"Venezuela-based oil and gas company PDVSA failed to make the interest payment on its 2026 senior unsecured notes within the 30 calendar day grace period, which expired on Dec. 15, 2017," says S&P. "In line with our criteria for timeliness of payments, we're lowering the issue-level rating on the company's bonds to 'D' from 'CC'."
By Marcela Duenas
& Fabiola Ortiz
Standard & Poor's
MEXICO CITY -- S&P Global Ratings lowered its issue-level rating on Petroleos de Venezuela S.A.'s (PDVSA) senior unsecured notes due 2026 to 'D' from 'CC'.
PDVSA hasn't met the coupon payment on its 2026 notes within the 30 calendar day grace period (or the bondholders hadn't received the funds by that date), constituting an event of default under our methodology (please see "Methodology: Timeliness Of Payments: Grace Periods, Guarantees, And Use Of 'D' And 'SD' Ratings," published Oct. 24, 2013).

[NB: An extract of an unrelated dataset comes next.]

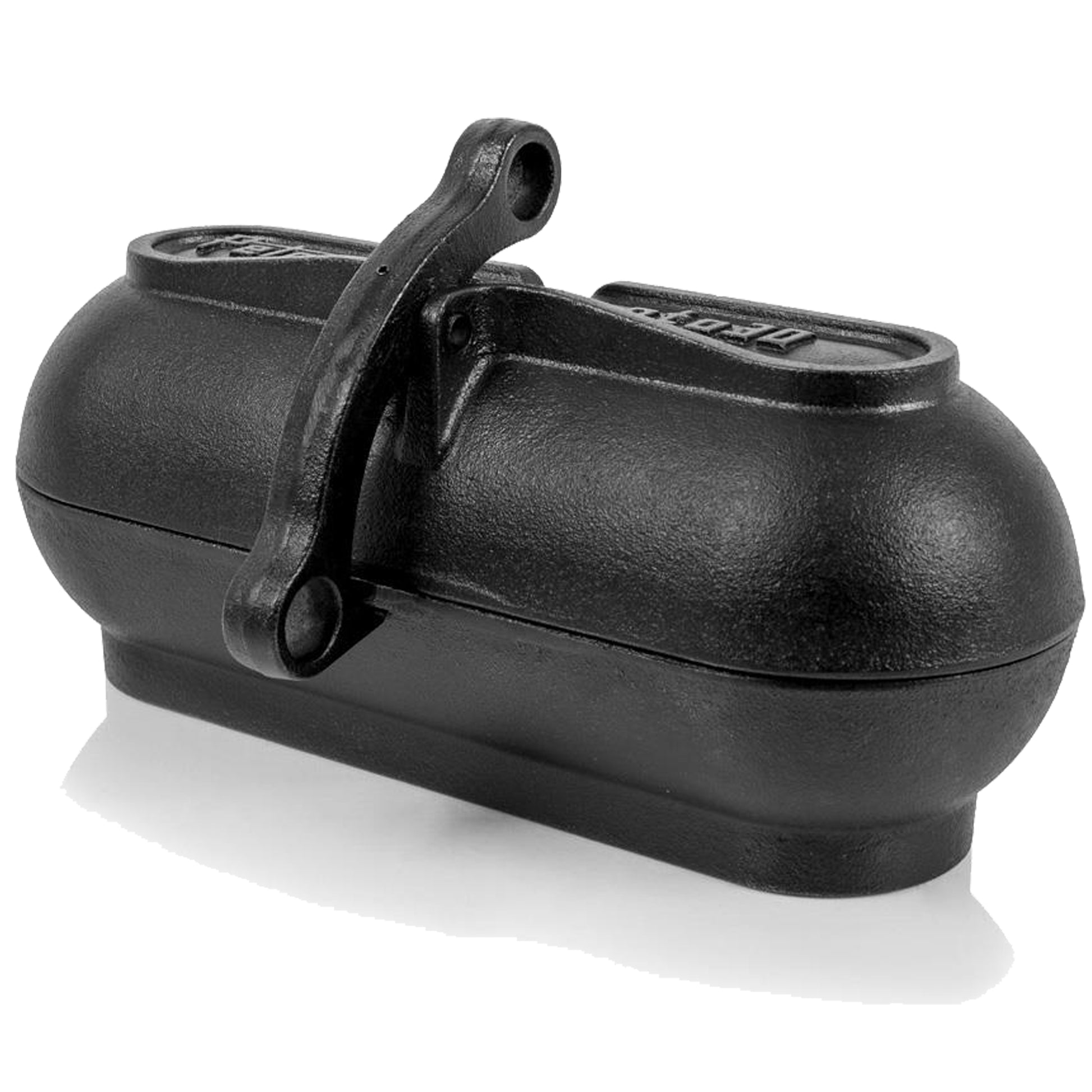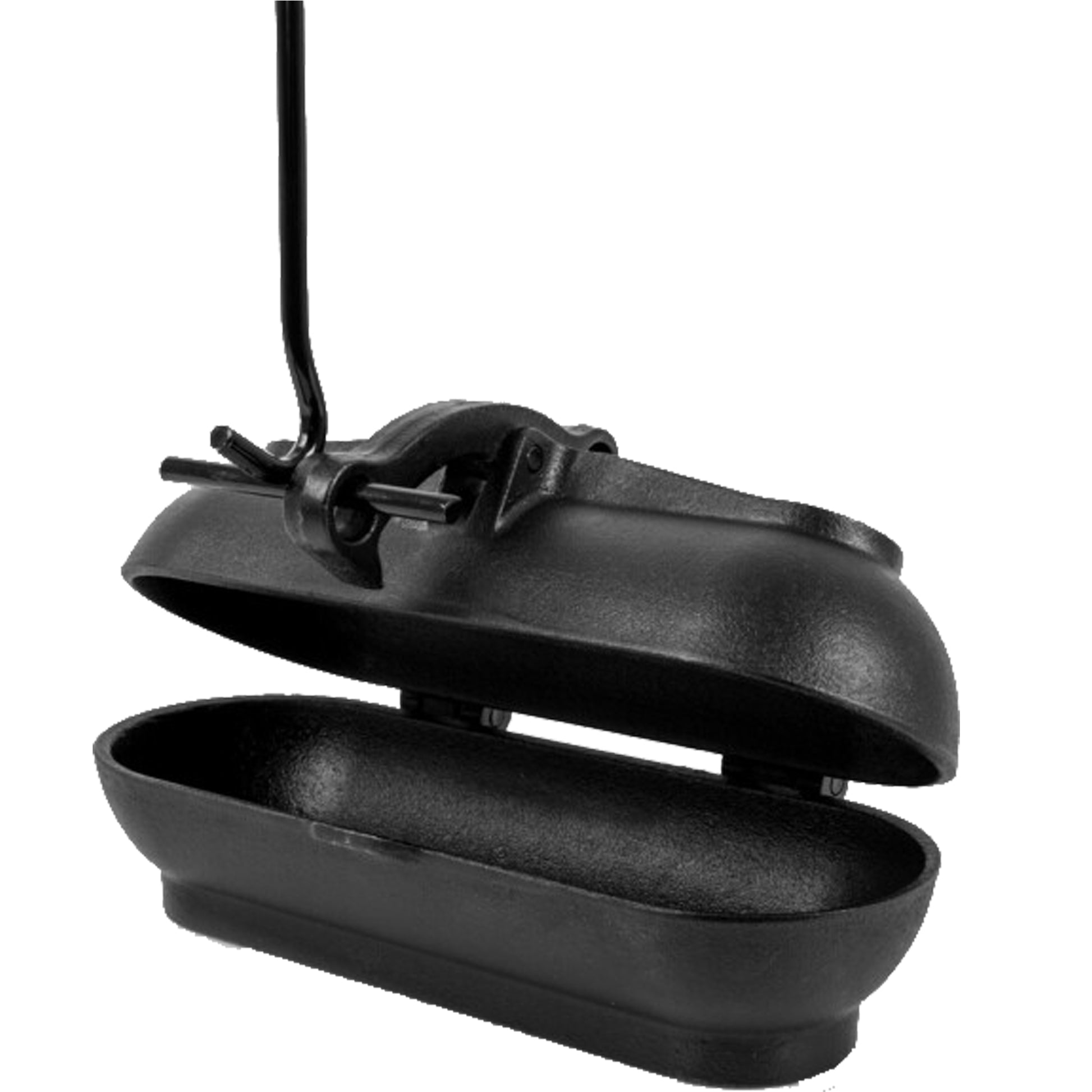 La Rôtissoire à pommes de terre, en fonte, se distingue par son astucieux mécanisme : la fermeture à bascule, spécialement conçue, verrouille les deux parties du moule dès lors que vous le soulevez avec un lève-couvercle. Ainsi, vous pouvez retirer votre Rôtissoire chaude du feu ou la déplacer sans risque. En insérant le Lève-couvercle dans l’œillet inférieur du levier, vous ouvrez le couvercle de la Rôtissoire afin de retirer les pommes de terre fumantes.

Since October 2017, PDVSA used its stated 30-day interest payment grace period in an effort to garner enough dollars to meet its debt maturities. Given the current sanctions on PDVSA and its already pressured liquidity position, we're uncertain about the company's ability to pay the rest of its debt maturities within the grace period.

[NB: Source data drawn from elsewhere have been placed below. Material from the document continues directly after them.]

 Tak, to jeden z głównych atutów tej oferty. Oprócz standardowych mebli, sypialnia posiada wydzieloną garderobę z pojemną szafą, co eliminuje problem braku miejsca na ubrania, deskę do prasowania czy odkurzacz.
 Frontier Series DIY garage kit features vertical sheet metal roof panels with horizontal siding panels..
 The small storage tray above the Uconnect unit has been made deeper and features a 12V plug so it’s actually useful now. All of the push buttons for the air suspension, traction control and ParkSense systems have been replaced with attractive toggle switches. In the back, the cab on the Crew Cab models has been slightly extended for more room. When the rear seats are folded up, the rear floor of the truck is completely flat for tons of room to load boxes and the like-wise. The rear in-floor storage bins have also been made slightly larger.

Additionally, the president of Venezuela, Nicolas Maduro, announced the formation of a government commission to restructure the sovereign's and PDVSA's external debt obligations. Given the highly constrained external liquidity situation for the sovereign and domestic entities, we would consider any restructuring of PDVSA's debt to be a distressed debt exchange and equivalent to a default (please see "Rating Implications Of Exchange Offers And Similar Restructurings, Update," published May 12, 2009).